=== ASSIGNMENT ===
Within the records that follow, restate exactly the lines from the line with "致癌物的分类只是告诉我们致癌物证据等级的高低;" down to the line with "Mélangez avec la", including both. Omit the pictures.

=== Collected data ===

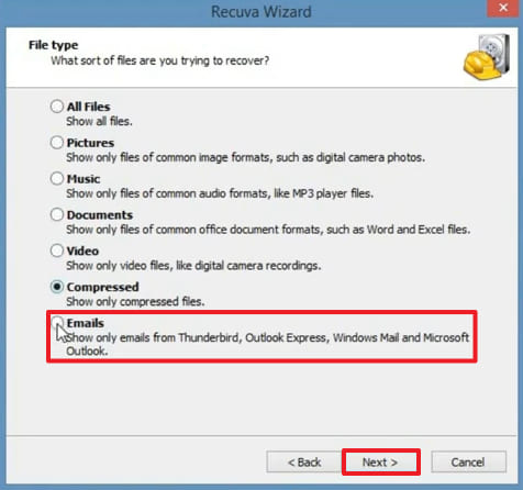 步骤1通过在 PC 上安装 Recuva 来启动该过程,选择“电子邮件”选项,然后单击“下一步”按钮。
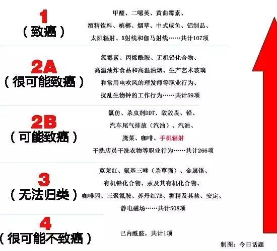 致癌物的分类只是告诉我们致癌物证据等级的高低;
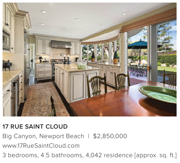 17 RUE SAINT CLOUD Big Canyon, Newport Beach | $2,850,000 www.17RueSaintCloud.com 3 bedrooms, 4.5 bathrooms, 4,042 residence [approx. sq. ft.]
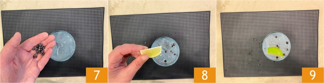 Mélangez avec la cuillère à bar, puis ajoutez dans le verre des baies de genièvre 7 et une tranche de lime 8. Prêt à servir un parfait Gin Tonic 9 !
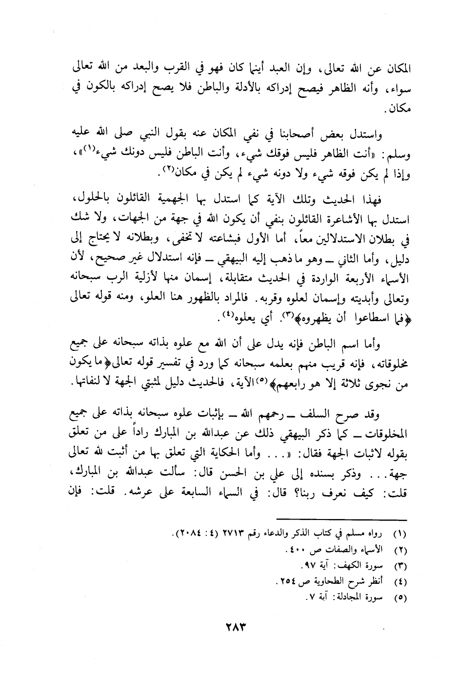ويتجلّى رأيه في ترجمته للصفة، حيث يفرق فيها بين ما يرى إثباته وما يرى تأويله.
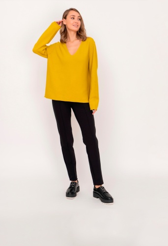 На сайте указаны российские размеры. Зауженные текстильные черные брюки на молнии без карманов, с акцентными швами спереди. Рост модели: 175 см. Длина брюк: 81 см.
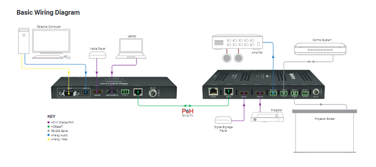 - HDBaseT: HDMI | HDCP 2.2 | EDID | 1-way PoC Receiver to transmitter
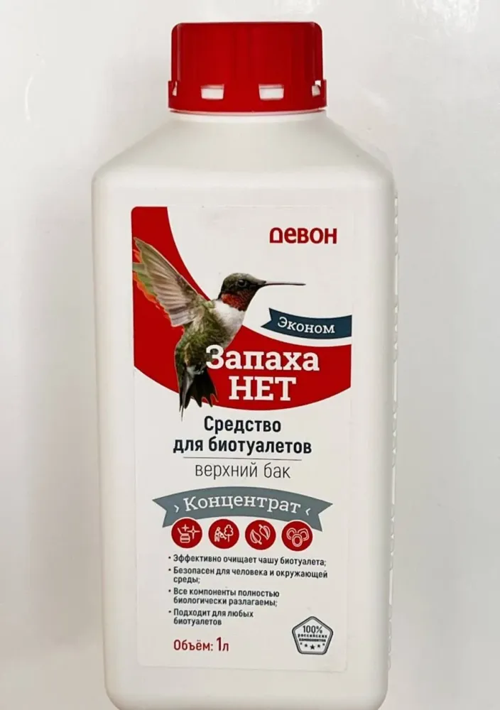 ЗАПАХА НЕТ для верхнего бачка биотуалета сохраняет воду в баке свежей, нейтрализует неприятные запахи, оставляет приятный аромат, образует на туалетной чаше защитную пленку, которая облегчает смыв, предотвращает изменения цвета пластмассы и дезинфицирует поверхность. 100% отечественных компонентов. Экологически безопасно, сливы из биотуалета можно выливать в компост. Состав – водный раствор обычного азотного удобрения, ПАВ, краситель, отдушка. Дозировка - 50 - 100 мл средства на каждые 10 л воды

=== RESULT FOR THIS TASK ===
 致癌物的分类只是告诉我们致癌物证据等级的高低;
 17 RUE SAINT CLOUD Big Canyon, Newport Beach | $2,850,000 www.17RueSaintCloud.com 3 bedrooms, 4.5 bathrooms, 4,042 residence [approx. sq. ft.]
 Mélangez avec la cuillère à bar, puis ajoutez dans le verre des baies de genièvre 7 et une tranche de lime 8. Prêt à servir un parfait Gin Tonic 9 !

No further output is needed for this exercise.